Dhaka, Bangladesh (BBN) – Demand for the government securities is set to rise as the non-life insurance companies have to invest at least 7.5 per cent of their assets in the securities.
The Insurance Development and Regulatory Authority (IDRA) issued a new regulation having these mandatory provisions for non-life insurance companies in order to secure investment return of the policyholders.
The ‘Insurance (Non-life Insurers’ Assets Investment and Preservation) Regulations-2019′, was issued through a gazette notification on November 14.
After investing in the government securities–treasury bills (T-bills) and bonds – the non-life insurers or general ones can invest their remaining assets in nine specified sectors.
The sectors include deposits in A-rated scheduled banks, bonds issued for infrastructure development, debenture and securities issued by city corporations, debenture, mutual funds and unit funds approved by the Bangladesh Securities and Exchange Commission (BSEC), shares listed with stock exchanges, immovable asset located at city corporations and municipalities and in subsidiary companies.
In the previous regulations issued in 1958, no sector has been specified for investment of the non-life insurance companies.
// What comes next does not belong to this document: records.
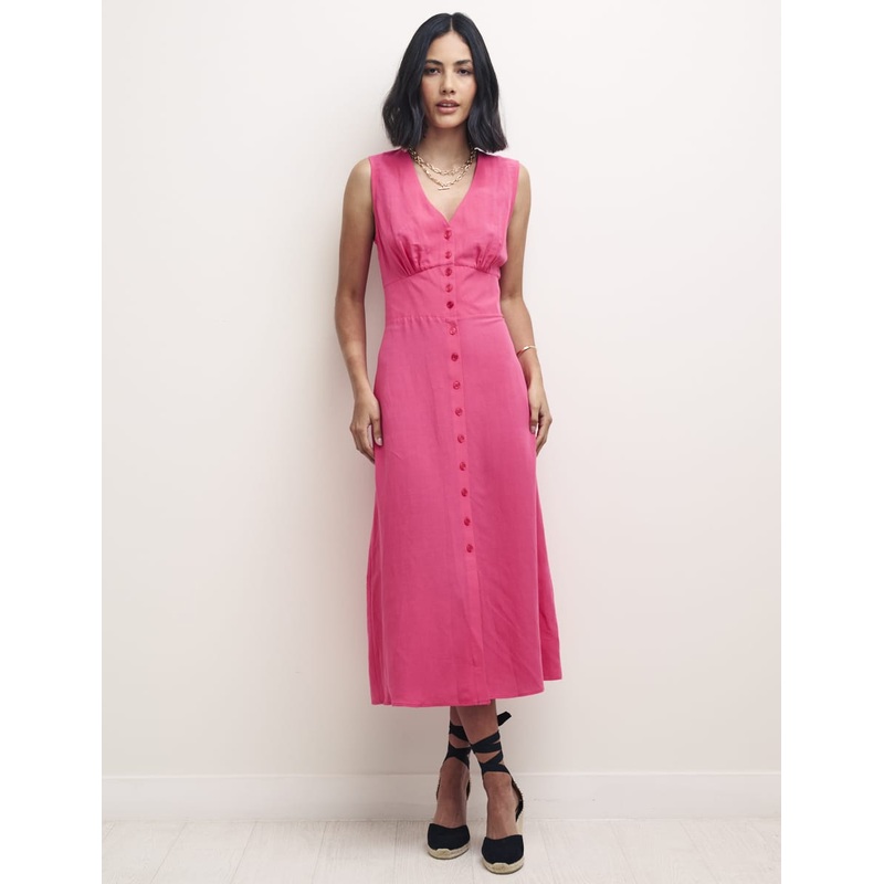 Make a statement in our Sandra midi dress. The hot pink shade is so-now. Style yours with a basket bag and a camera.V-neckButton frontPanelled waist designed to flatterShirred back for comfort
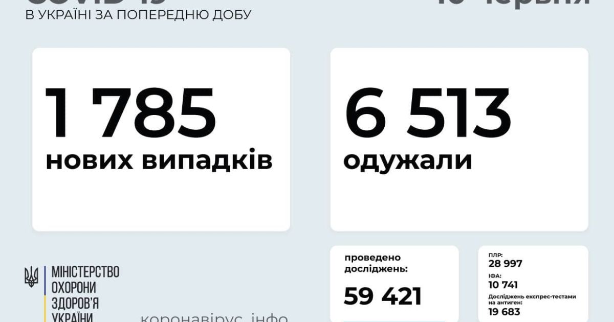 1 785 нових випадків коронавірусної хвороби COVID-19 зафіксовано в Україні станом на 10 червня 2021 року. Зокрема, захворіли 77 дітей та 73 медпрацівники.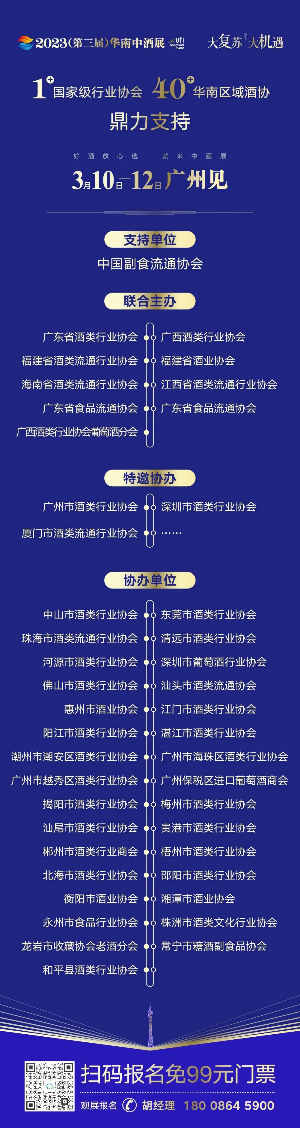 本届华南中酒展得到了1家国家级行业协会和43家华南区域酒协的鼎力支持。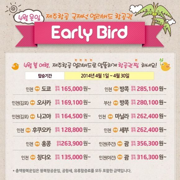 제주항공의 4월 얼리버드 항공권은 4월 1일부터 30일까지 적용되는 상품으로, 인천 도쿄 왕복 16만 5000원부터, 방콕 28만만 5100원부터, 홍콩 26만3900원부터 등 괌, 마닐라, 세부 등에 적용된다.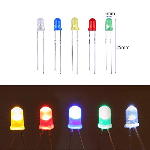 ★ Kit Completo di Assortimento LED: 500 pezzi di diodi a emissione luminosa con 5 colori rosso, verde, giallo, blu e bianco, confezionati in una custodia di plastica con vano diviso.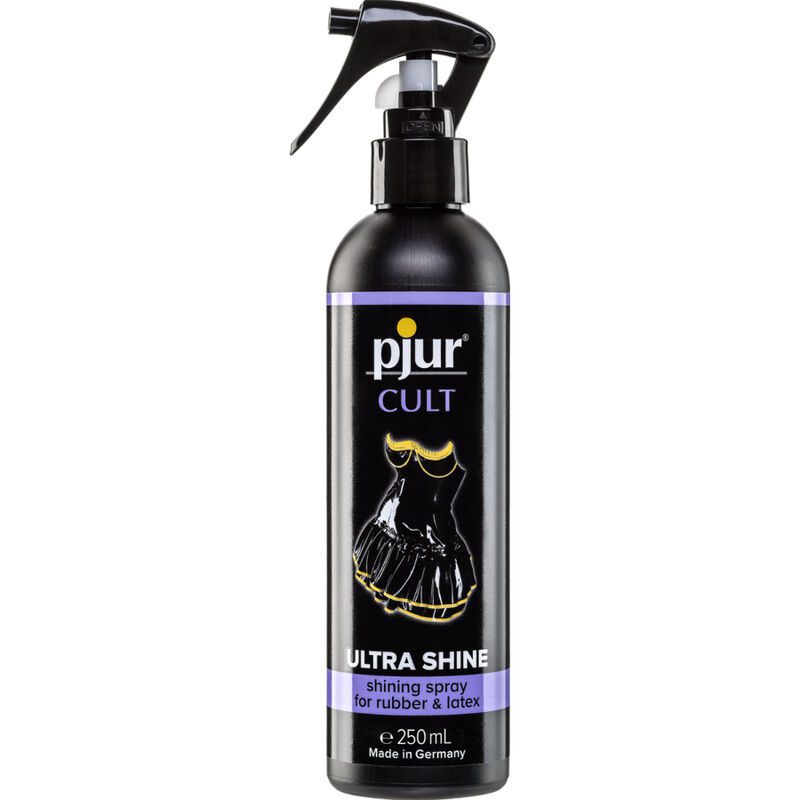 Gummi- und Latexkleidung muss vor allem eines garantieren: Glanz, also im Mittelpunkt stehen. Daher gibt es neben pjur CULT, das als Hilfsmittel zum Anziehen von Gummi- und Latexkleidung verwendet wird, auch pjur CULT ULTRA SHINE. Wie der Name schon sagt, verleiht dieses Produkt nicht nur einen Ultra-Glanz, sondern schützt und pflegt das Material auch. Die Formel ist langanhaltend und schmutzabweisend, klebt nicht und hinterlässt keine Flecken.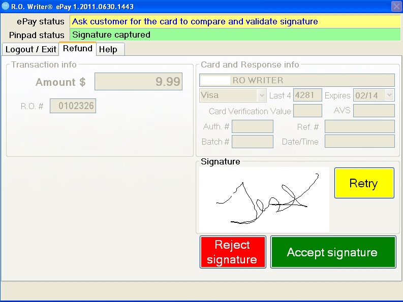 - If the option “Require Electronic Signature Validation” was selected in ePayment Configuration, you will be required to press the green Accept Signature button to continue or the red Reject signature button to exit. If that option was not selected, the process will be continued automatically once the signature is captured.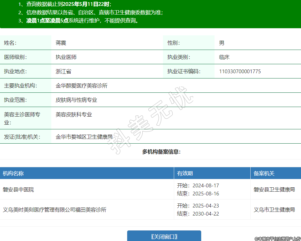 姓名:蔣震性別:男醫(yī)師級(jí)別:執(zhí)業(yè)醫(yī)師執(zhí)業(yè)類別:臨床執(zhí)業(yè)地點(diǎn):浙江省執(zhí)業(yè)證書編碼:110330700001775主要執(zhí)業(yè)機(jī)構(gòu):金華醉愛醫(yī)療美容診所執(zhí)業(yè)范圍:皮膚病與性病專業(yè)美容主診醫(yī)師專業(yè):美容皮膚科專業(yè)發(fā)證(批準(zhǔn))機(jī)關(guān):金華市婺城區(qū)衛(wèi)生健康局多機(jī)構(gòu)備案信息:機(jī)構(gòu)名稱 有效期 備案機(jī)關(guān) 磐安縣中醫(yī)院 開始:2024-08-17結(jié)束:2025-08-16磐安縣衛(wèi)生健康局 義烏美時(shí)美刻醫(yī)療管理有限公司福田美容診所 開始:2025-04-23結(jié)束:2030-04-22義烏市衛(wèi)生健康局 -
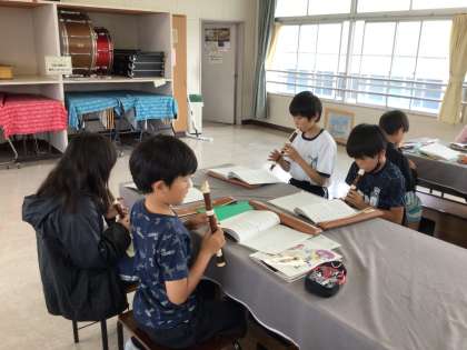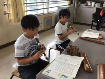音楽の時間をのぞくと、リコーダーの練習中でした。シのフラットを練習したり、「小さな世界」を演奏しました。息の量に苦戦しながらも一生懸命演奏していました。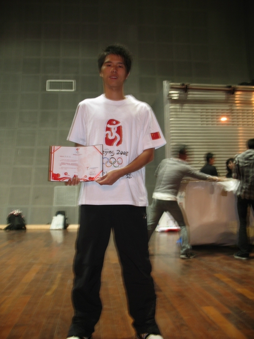 当晚,在杭州师范大学进行的浙江赛区总决赛中,公司陈斌同学在参赛宣言、奥林匹克知识抢答、参与奥运小游戏、奥运创意大比拼、为奥运献礼等环节中充分展现了个人风采,凭借其在科技奥运、人文奥运、绿色奥运领域所作出的努力和成就,以及他对奥林匹克精神深刻的理解,震撼并感染了到场的每一位观众。最终经过评委认真、严格的评选,与其他7名精英一起脱颖而出,荣获“联想中国高校08奥运火炬护跑手”资格。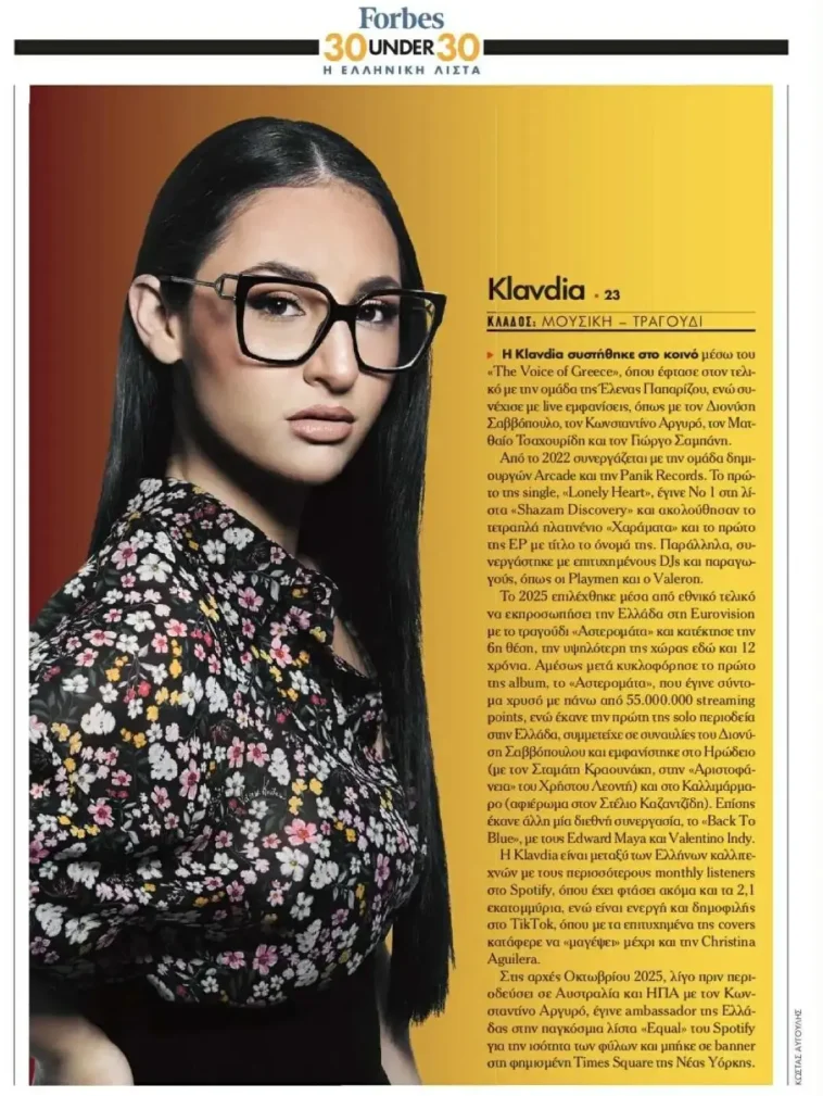 Η Klavdia πλέον βρίσκεται στη φετινή λίστα Forbes “30 Under 30”, ανάμεσα στους πιο επιτυχημένους Έλληνες κάτω των 30 ετών, μια διάκριση που επιβεβαιώνει πως η πορεία της μόλις ξεκινά και ήδη ξεχωρίζει.

Currently, there are 48 non-life insurance companies in the country and the accumulated assets of these companies stood at BDT 112.93 billion in 2018.
On the other hand, the government’s bank borrowing is set to be BDT 473.64 billion for the fiscal year (FY), 2019-20, up from BDT 308.95 billion in the previous year.
Under the arrangement, the government will borrow BDT 280.94 billion by issuing long-term bonds while the remaining BDT192.70 billion will come from T-bills.
Currently, four T-bills are being transacted through auctions to adjust the government’s borrowings from the banking system.
The T-bills have 14-day, 91-day, 182-day and 364-day maturity period.
Also, five government bonds with tenure of two-year, five-year, 10-year, 15-year and 20-year are traded on the market.